Услышав, не поверила. На самом ли деле он это сказал, и таким встревоженным голосом. То, что он сказал, его ответ — а будь что будет — да этого быть не может. Уж не повергла ли Судхакара в ужас или восторг ее красота? Вдруг во мне проснулось безграничное сострадание к Судхакару.  Вместе с состраданием любовь. Бедняжка, простой-простодушный,  прямой-простой Судхакар. Какой бы ни был — ведь мой, свой.

Ее смех мгновенно смолк.

— Правильно вы говорите, — сказала она серьезным голосом.

Потом снова обернувшись в мою сторону, сказала: «Теперь быстрее выздоравливай. На будущей неделе мы отсюда уезжаем. До этого тебе вместе со мной нужно съездить в Кхилланмарг».

 

— Возьмете адрес и что будете делать?
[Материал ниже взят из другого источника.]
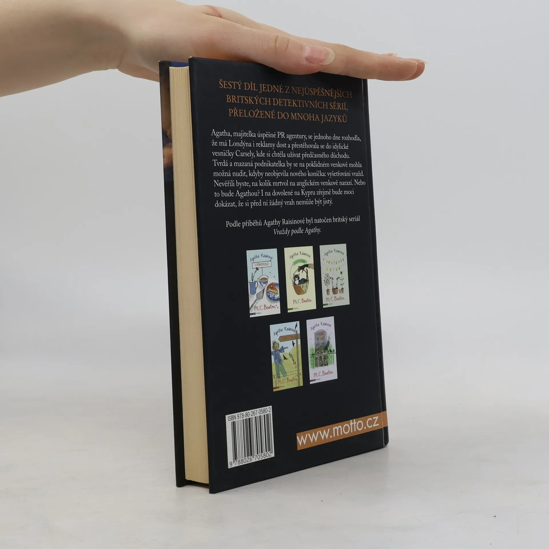 Agatha, majitelka úspěšné PR agentury, se jednoho dne rozhodla, že má Londýna i reklamy dost, a přestěhovala se do idylické vesničky Carsely, kde si chtěla užívat předčasného důchodu. Tvrdá a mazaná podnikatelka by se na poklidném venkově mohla možná nudit, kdyby neobjevila nového koníčka: vyšetřování vražd. Nevěřili byste, na kolik mrtvol na anglickém venkově narazí. Nebo to bude Agathou? I na dovolené na Kypru zřejmě bude moci dokázat, že si před ní žádný vrah nemůže být jistý.

Мы ведь в Дели не живем, — ее голос был довольно тверд, но Судхакара это не смутило.

— Вах, когда-нибудь приедем в Бомбей, так как же не встретиться, — сказал он.

Нет,— думала я, я не хочу с тобой встречаться в Бомбее... Без огня и цветов что в твоем существовании... В жизни один раз с тобой встретиться — от всей души всего лишь раз — другое дело, мой посланник богов. Но снова и снова? Бомбейскими вечерами, наполненными толчеей, под слепящим освещением ламп дневного света испытать тебя... Нет, такого излишества я не смогу перенести.

— В Бомбее? — она рассмеялась. — Да там, кто знает, смогу ли я вас узнать?

Судхакар огорчился.

Но она не на него, а на меня смотрела. Я рассмеялась. Как же ты понимаешь — все?

— Не говорят так, Джина, — донесся полный ласки укор доктора Дастура.

 

Сегодня я первый раз увидела доктора Дастура. Отдельно от уколов. Не доктор Дастур, а Фироз. Она его Фирозом называет. Его волосы, карие глаза, блеск кожи, во всем — золотистость. Его индивидуальность сродни расплавленному золоту. Такого, что легко куется. Даже затвердевшее, его, до определенных пределов, можно скрутить-повернуть. Но и в голову не придет так сделать. В нем есть счастливая твердость, которая заставляет его оставаться таким, какой он есть. 

Сегодня я сижу на стуле, в своей комнате. И они все здесь. Судхакар, Фироз и... Джина. Сегодня в первый раз она для меня не только посланник богов, но и Джина. Послезавтра утром они оба возвращаются в Бомбей. Сейчас у меня все в порядке. «Так не говорят, Джина», — сказал Фироз и повернулся к Судхакару.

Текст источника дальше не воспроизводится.